Diese Diskrepanz zwischen der sehr haptischen Bodenhaftung, die man hier auf dem Land und in der Natur erfährt, und den noch etwas abstrakt wirkenden Chancen der Digitalisierung ist für uns das besondere am Summer of Pioneers. Diese zwei Welten zusammen zu führen und zusammen zu denken, hat etwas von Balance und von Ausgleich und danach schreien viele gesellschaftliche Entwicklungen, die wir gegenwärtig erleben. Die Pioniere sprudeln über vor Ideen und natürlich wird sich manches nicht in sechs Monaten umsetzen lassen. Die Projekte sind das Geschenk der Pioniere, das bleibt. Gute Ideen können wir auch im kommenden Sommer noch gebrauchen und natürlich setzen wir das Projekt gerne auch fort. Das haben wir im zurückliegenden Summer of Pioneers in Wittenberge in Brandenburg gemacht und das ist auch in Homberg vorstellbar. Wenn das eine oder andere Projekt in der gegebenen Zeit nicht zu schaffen ist und, negativ gesprochen, „scheitert“, dann ist auch das durchaus im Interesse des Summer of Pioneers. Scheitern ist kein Problem, Chancen nicht zu nutzen und Dinge nicht zu probieren aber schon. Der Summer of Pioneers ist auch ein Experimentierfeld, denn davon haben wir allgemein viel zu wenige.
Wo liegen eigentlich hauptsächlich die Arbeitsschwerpunkte, welche Bereiche in Homberg sollen Unterstützung und Verbesserungen erfahren?
Das größte und wichtigste Ziel des Projekts ist es zu zeigen, was digitales Arbeiten für unsere Region bedeutet. Was es bedeutet, für einen Bürojob nicht mehr täglich nach Kassel oder Frankfurt pendeln zu müssen oder gar umzuziehen, sondern seine Arbeit genauso gut von Homberg aus erledigen zu können. Heute verlassen viele Menschen ihren Wohnort täglich für eine Arbeit, die sie praktisch von überall aus erledigen können. Diese Menschen fehlen deshalb auf den Straßen, in den Cafés und Geschäften – und deshalb wirkt auch Homberg nicht wie eine Stadt mit 14.000 Einwohnern. Wer Lebenszeit durch den Verzicht auf lange Pendelstrecken gewinnt, der ist auch wieder offener für kulturelle Angebote, für Engagement vor Ort, für seine Nachbarschaft. Die Pioniere sind schon einen Schritt weiter, sie arbeiten schon ortsunabhängig und wollen für sich herausfinden, ob das neue Leben und Arbeiten auf dem Land auch eine Option für sie ist und was dafür gegebenenfalls noch fehlt.
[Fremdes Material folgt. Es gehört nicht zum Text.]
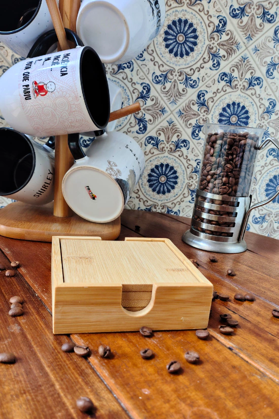 Organize suas canecas com charme e praticidade! Produzidos em bambu, material sustentável e resistente, esses porta-canecas oferecem durabilidade e um toque natural para sua cozinha ou cantinho do café.
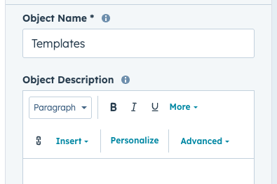 Name: Enter the label for the sidebar and page title (this can differ from your HubSpot object name).
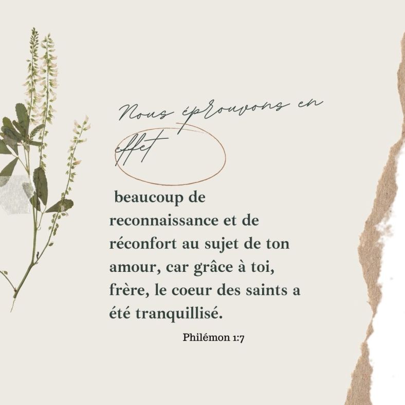Cet article, publié dans Philémon, est tagué amour, éprouver, coeur, frère, grâce, réconfort, reconnaissance, tranquille. Ajoutez ce permalien à vos favoris.

Entlang dieses Prozesses entwickeln sie Ideen und Projekte über die wir in einigen Wochen sicher schon konkret sprechen können.
Wie intensiv bindet ihr Kooperationspartner in Homberg ein?
So weit sind wir noch nicht. Wir bündeln aktuell die Ideen innerhalb der Gruppe und bauen Strukturen auf, die die Gruppe arbeitsfähig macht. Bis zum Wochenmarkt am 10. Juni wollen wir aber erste Ideen präsentieren und wir sind gespannt, welche Ideen der Pioniere vielleicht längst auch schon Menschen vor Ort treiben, um die Kräfte zu bündeln. Zunächst müssen wir die Ideen der Gruppe aber erst noch strukturieren und zugänglich machen.
Was möchtest Du nach diesem halben Jahr Summer of Pioneers mindestens erreicht haben und sagen können?
Dass Homberg und sein Summer of Pioneers möglichst viele Menschen zu neuen Perspektiven inspiriert hat und die Stadt und seine Bürger:innen den Strukturwandel mutig und selbstbewusst gestalten.